Material shown below:

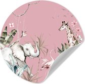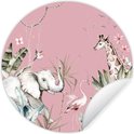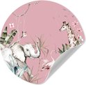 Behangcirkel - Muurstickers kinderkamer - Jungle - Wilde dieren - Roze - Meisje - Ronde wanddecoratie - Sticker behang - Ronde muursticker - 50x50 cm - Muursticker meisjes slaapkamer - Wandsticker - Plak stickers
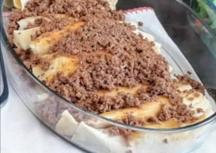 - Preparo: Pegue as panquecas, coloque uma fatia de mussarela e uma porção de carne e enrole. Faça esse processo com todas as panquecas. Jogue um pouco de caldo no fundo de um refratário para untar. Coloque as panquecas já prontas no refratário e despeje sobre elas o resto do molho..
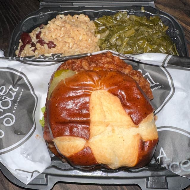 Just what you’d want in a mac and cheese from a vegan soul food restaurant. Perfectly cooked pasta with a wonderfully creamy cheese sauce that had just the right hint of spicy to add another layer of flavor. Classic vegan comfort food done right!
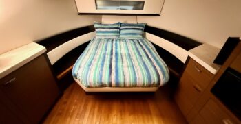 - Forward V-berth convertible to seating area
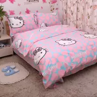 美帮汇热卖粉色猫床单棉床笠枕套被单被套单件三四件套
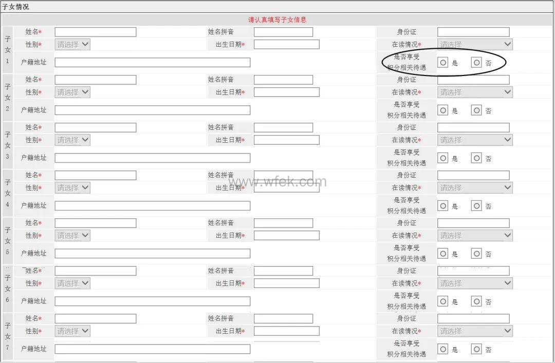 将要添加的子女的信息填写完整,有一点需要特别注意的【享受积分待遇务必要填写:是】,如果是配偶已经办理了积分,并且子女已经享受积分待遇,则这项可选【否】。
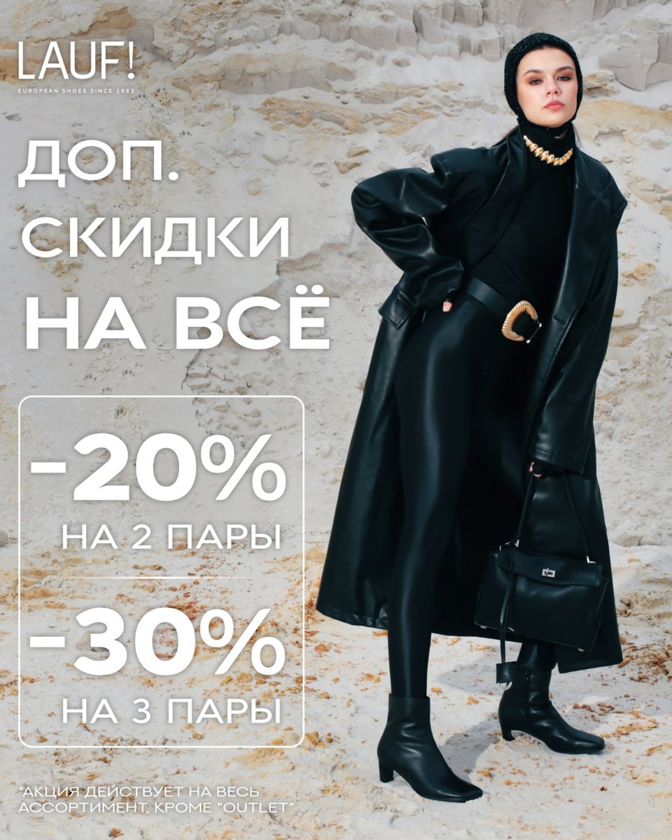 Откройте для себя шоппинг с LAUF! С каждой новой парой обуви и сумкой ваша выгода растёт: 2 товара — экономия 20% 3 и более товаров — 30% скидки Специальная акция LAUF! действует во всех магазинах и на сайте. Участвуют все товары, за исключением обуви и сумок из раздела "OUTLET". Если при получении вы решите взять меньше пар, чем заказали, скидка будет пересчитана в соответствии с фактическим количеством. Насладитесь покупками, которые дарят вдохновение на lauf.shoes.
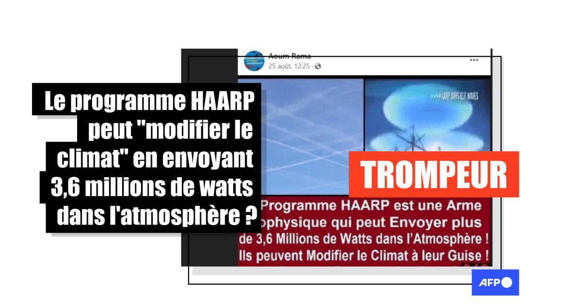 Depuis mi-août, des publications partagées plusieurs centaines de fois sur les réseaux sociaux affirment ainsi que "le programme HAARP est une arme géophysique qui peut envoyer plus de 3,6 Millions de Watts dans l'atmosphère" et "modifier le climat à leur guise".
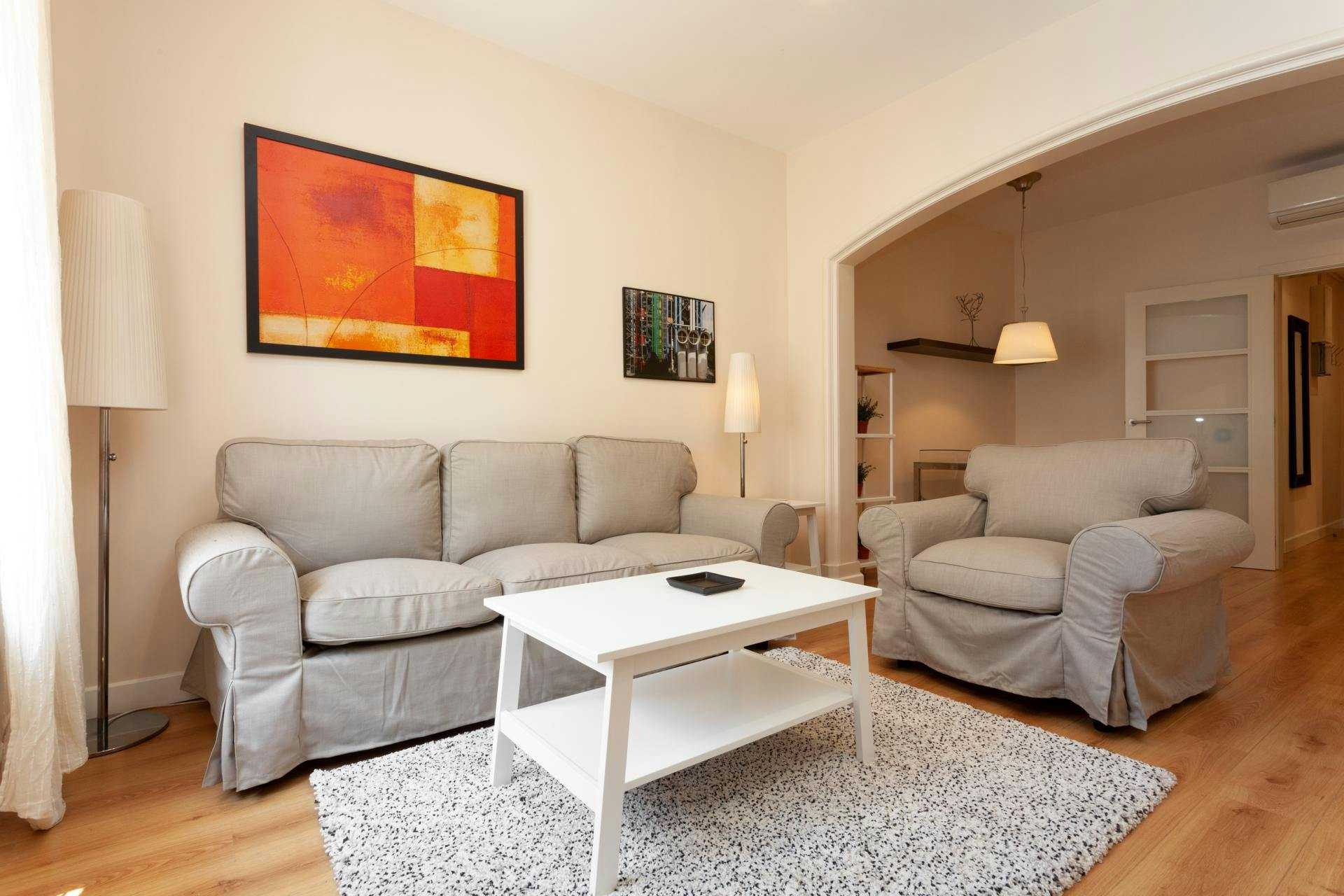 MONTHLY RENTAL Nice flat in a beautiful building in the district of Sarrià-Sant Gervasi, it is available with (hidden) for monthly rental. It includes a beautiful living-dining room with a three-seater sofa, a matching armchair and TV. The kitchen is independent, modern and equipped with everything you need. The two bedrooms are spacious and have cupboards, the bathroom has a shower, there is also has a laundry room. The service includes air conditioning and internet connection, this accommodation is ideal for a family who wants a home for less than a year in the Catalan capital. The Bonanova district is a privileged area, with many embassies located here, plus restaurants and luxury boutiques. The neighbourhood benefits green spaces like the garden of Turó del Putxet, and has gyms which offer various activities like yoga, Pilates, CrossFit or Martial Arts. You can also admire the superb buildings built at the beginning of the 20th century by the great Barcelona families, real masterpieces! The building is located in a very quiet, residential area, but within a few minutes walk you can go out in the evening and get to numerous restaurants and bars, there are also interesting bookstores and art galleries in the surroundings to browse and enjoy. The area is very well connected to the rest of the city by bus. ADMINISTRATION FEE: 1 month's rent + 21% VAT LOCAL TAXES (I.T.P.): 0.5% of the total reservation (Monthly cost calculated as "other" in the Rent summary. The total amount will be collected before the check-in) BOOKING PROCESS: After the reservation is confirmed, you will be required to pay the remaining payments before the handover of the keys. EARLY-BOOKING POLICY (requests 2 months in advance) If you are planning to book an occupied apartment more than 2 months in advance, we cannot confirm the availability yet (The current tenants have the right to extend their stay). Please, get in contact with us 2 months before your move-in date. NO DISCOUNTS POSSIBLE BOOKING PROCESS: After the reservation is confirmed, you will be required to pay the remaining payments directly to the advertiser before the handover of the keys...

End of Material shown.
Material shown below:

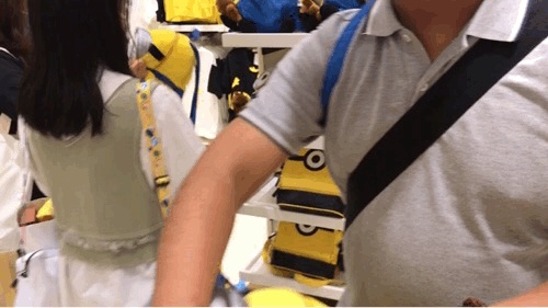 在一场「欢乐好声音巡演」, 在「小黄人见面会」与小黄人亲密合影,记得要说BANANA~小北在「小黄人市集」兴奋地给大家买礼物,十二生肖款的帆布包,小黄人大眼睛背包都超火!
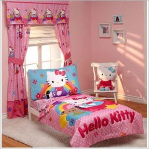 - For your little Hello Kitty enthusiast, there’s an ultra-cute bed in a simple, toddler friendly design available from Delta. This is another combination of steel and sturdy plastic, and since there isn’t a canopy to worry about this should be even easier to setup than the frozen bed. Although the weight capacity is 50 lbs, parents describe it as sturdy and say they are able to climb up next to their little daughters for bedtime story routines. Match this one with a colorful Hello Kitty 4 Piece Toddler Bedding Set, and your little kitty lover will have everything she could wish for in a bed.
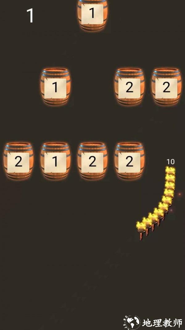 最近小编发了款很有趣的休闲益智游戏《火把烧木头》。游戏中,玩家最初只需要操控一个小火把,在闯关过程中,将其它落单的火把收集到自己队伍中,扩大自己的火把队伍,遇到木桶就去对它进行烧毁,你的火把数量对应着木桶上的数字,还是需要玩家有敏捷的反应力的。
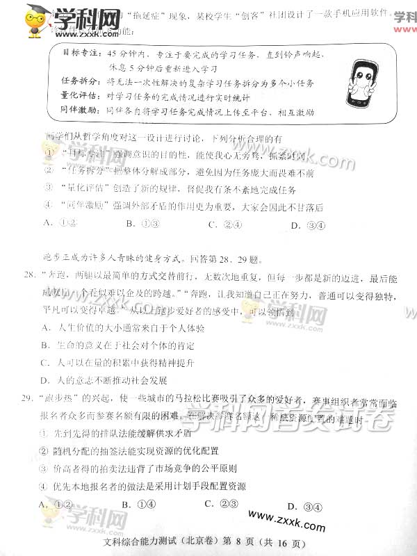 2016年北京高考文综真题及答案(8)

End of Material shown.
Material shown below:

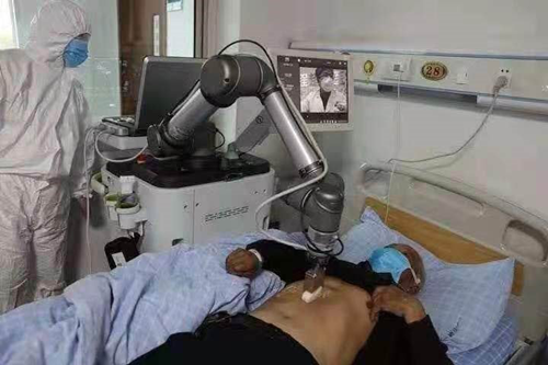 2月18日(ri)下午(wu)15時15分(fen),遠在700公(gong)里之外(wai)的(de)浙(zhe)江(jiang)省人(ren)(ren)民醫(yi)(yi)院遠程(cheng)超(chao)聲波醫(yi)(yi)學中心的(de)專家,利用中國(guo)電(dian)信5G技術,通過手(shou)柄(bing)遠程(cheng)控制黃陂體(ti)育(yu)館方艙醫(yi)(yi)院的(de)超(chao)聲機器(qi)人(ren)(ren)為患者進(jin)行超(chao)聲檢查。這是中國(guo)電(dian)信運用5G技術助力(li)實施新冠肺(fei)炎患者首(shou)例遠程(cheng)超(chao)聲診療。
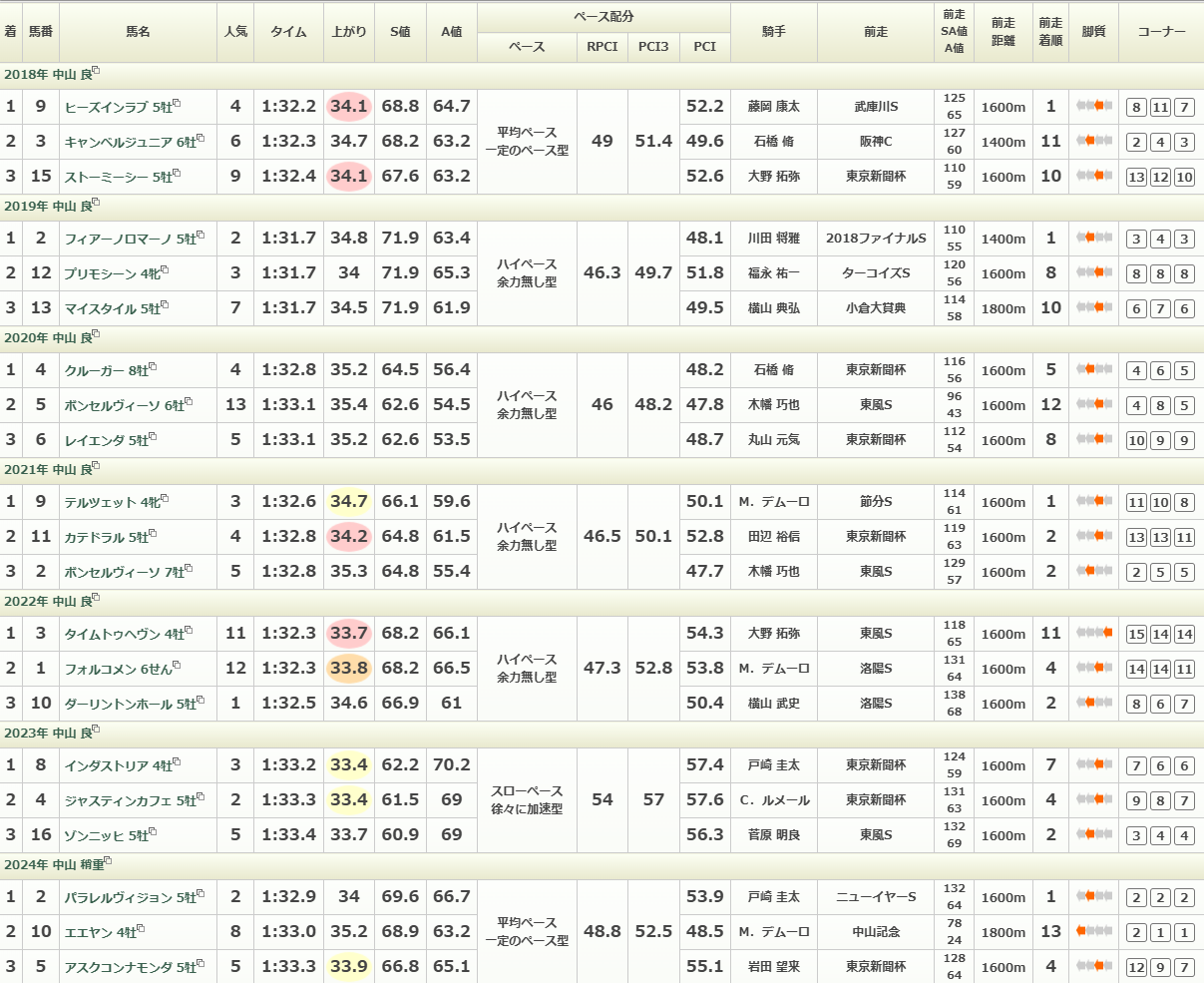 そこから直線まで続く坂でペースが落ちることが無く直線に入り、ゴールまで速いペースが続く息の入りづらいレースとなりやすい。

End of Material shown.

Exercise requirements:
Extract from the material above the stretch running from the line containing "Behangcirkel - Muurstickers" through the line containing "Depuis mi-août, des". Keep the text exact and the pictures out.

Result:
 Behangcirkel - Muurstickers kinderkamer - Jungle - Wilde dieren - Roze - Meisje - Ronde wanddecoratie - Sticker behang - Ronde muursticker - 50x50 cm - Muursticker meisjes slaapkamer - Wandsticker - Plak stickers
 - Preparo: Pegue as panquecas, coloque uma fatia de mussarela e uma porção de carne e enrole. Faça esse processo com todas as panquecas. Jogue um pouco de caldo no fundo de um refratário para untar. Coloque as panquecas já prontas no refratário e despeje sobre elas o resto do molho..
 Just what you’d want in a mac and cheese from a vegan soul food restaurant. Perfectly cooked pasta with a wonderfully creamy cheese sauce that had just the right hint of spicy to add another layer of flavor. Classic vegan comfort food done right!
 - Forward V-berth convertible to seating area
 美帮汇热卖粉色猫床单棉床笠枕套被单被套单件三四件套
 将要添加的子女的信息填写完整,有一点需要特别注意的【享受积分待遇务必要填写:是】,如果是配偶已经办理了积分,并且子女已经享受积分待遇,则这项可选【否】。
 Откройте для себя шоппинг с LAUF! С каждой новой парой обуви и сумкой ваша выгода растёт: 2 товара — экономия 20% 3 и более товаров — 30% скидки Специальная акция LAUF! действует во всех магазинах и на сайте. Участвуют все товары, за исключением обуви и сумок из раздела "OUTLET". Если при получении вы решите взять меньше пар, чем заказали, скидка будет пересчитана в соответствии с фактическим количеством. Насладитесь покупками, которые дарят вдохновение на lauf.shoes.
 Depuis mi-août, des publications partagées plusieurs centaines de fois sur les réseaux sociaux affirment ainsi que "le programme HAARP est une arme géophysique qui peut envoyer plus de 3,6 Millions de Watts dans l'atmosphère" et "modifier le climat à leur guise".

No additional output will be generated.